BEGIN Data supplied

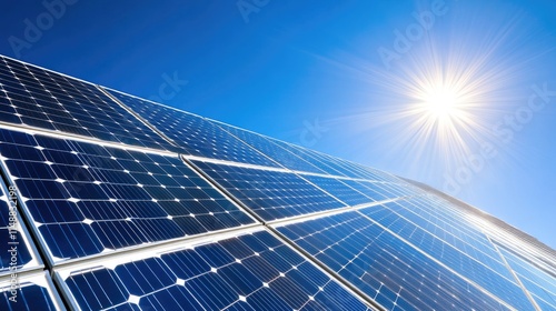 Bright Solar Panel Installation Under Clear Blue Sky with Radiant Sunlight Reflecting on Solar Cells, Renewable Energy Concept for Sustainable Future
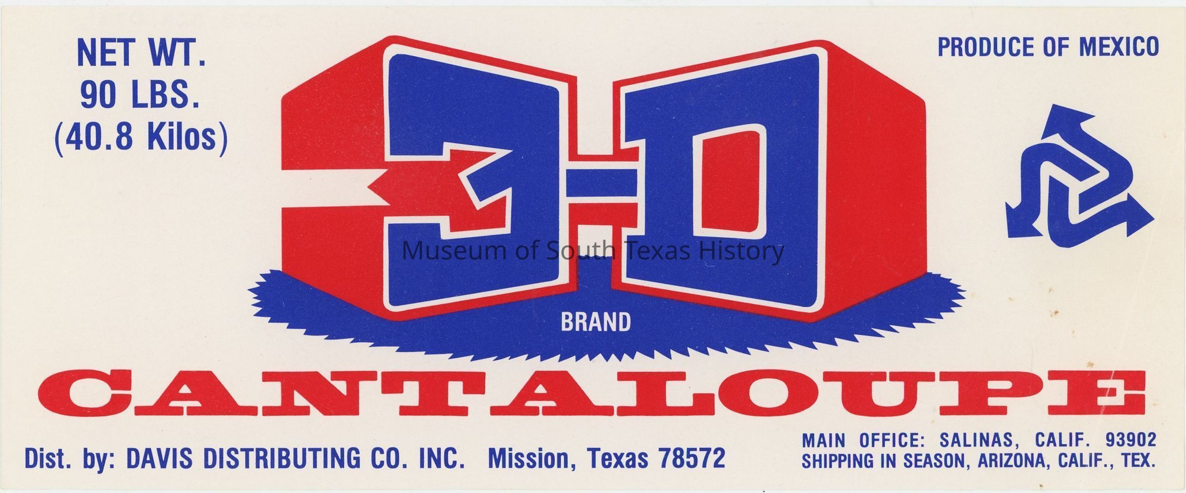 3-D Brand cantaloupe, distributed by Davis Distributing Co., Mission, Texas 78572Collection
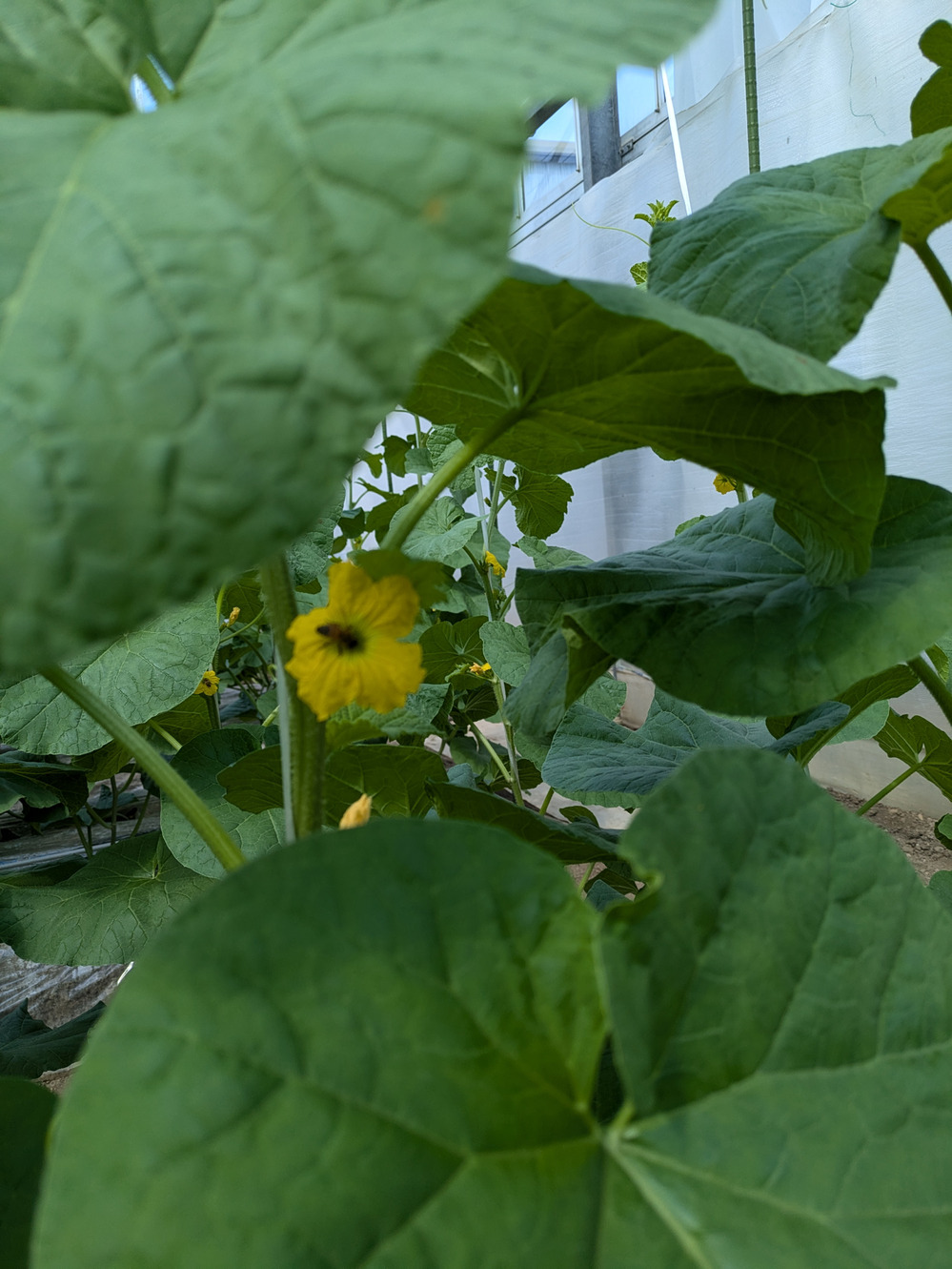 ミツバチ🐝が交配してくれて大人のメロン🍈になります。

END Data supplied
BEGIN Data supplied

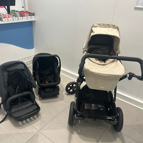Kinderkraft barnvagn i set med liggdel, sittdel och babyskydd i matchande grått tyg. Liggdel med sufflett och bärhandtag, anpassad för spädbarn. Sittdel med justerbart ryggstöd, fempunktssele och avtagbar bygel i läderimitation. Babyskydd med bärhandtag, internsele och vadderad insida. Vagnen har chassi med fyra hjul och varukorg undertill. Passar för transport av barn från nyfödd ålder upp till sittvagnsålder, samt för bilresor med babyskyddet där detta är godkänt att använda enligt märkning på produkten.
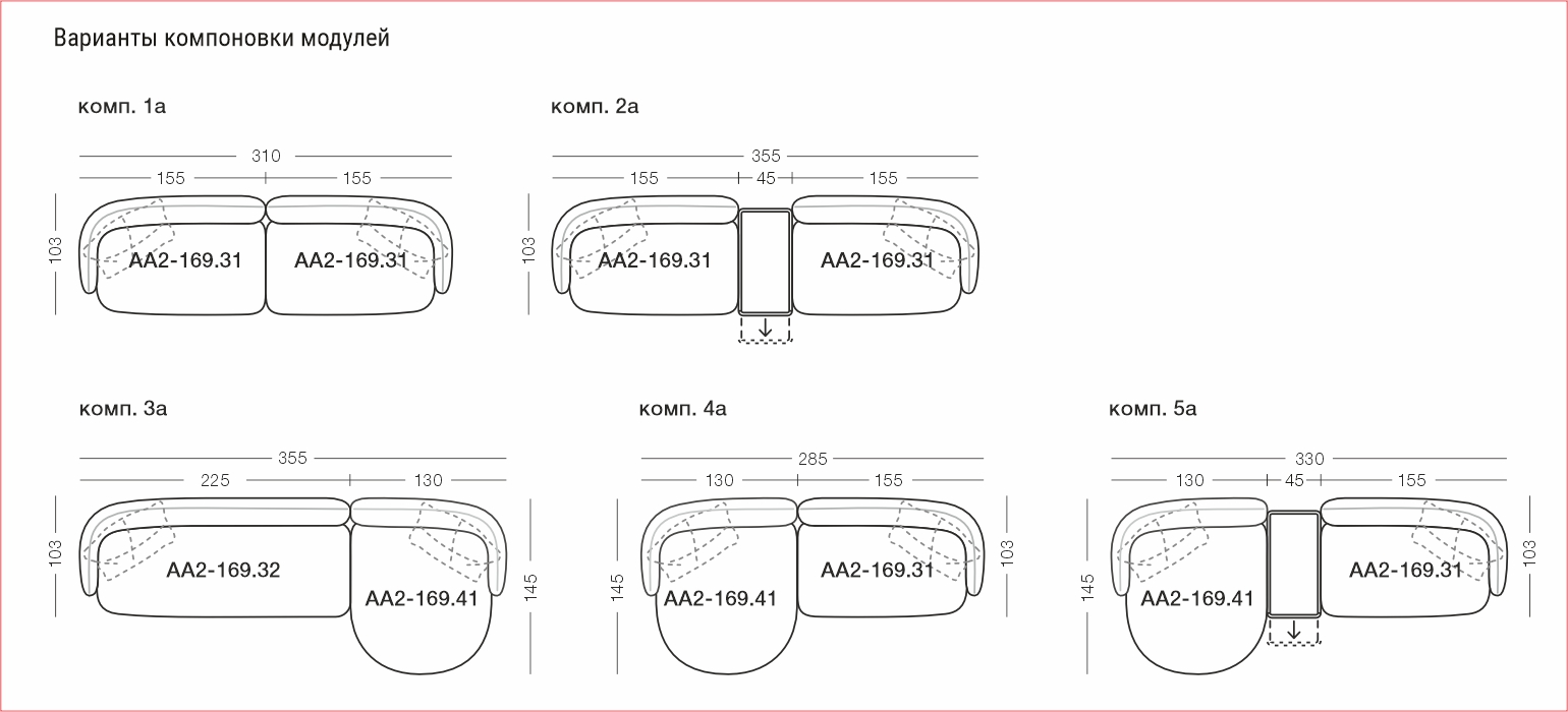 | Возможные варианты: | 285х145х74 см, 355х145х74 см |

END Data supplied

§ **About this exercise**: Pictures aside, return exactly the lines from the data above, starting at the line that has "Kinderkraft barnvagn i" and ending at the line that has "355х145х74 см |", both included.

§ **Task solution**:
Kinderkraft barnvagn i set med liggdel, sittdel och babyskydd i matchande grått tyg. Liggdel med sufflett och bärhandtag, anpassad för spädbarn. Sittdel med justerbart ryggstöd, fempunktssele och avtagbar bygel i läderimitation. Babyskydd med bärhandtag, internsele och vadderad insida. Vagnen har chassi med fyra hjul och varukorg undertill. Passar för transport av barn från nyfödd ålder upp till sittvagnsålder, samt för bilresor med babyskyddet där detta är godkänt att använda enligt märkning på produkten.
 | Возможные варианты: | 285х145х74 см, 355х145х74 см |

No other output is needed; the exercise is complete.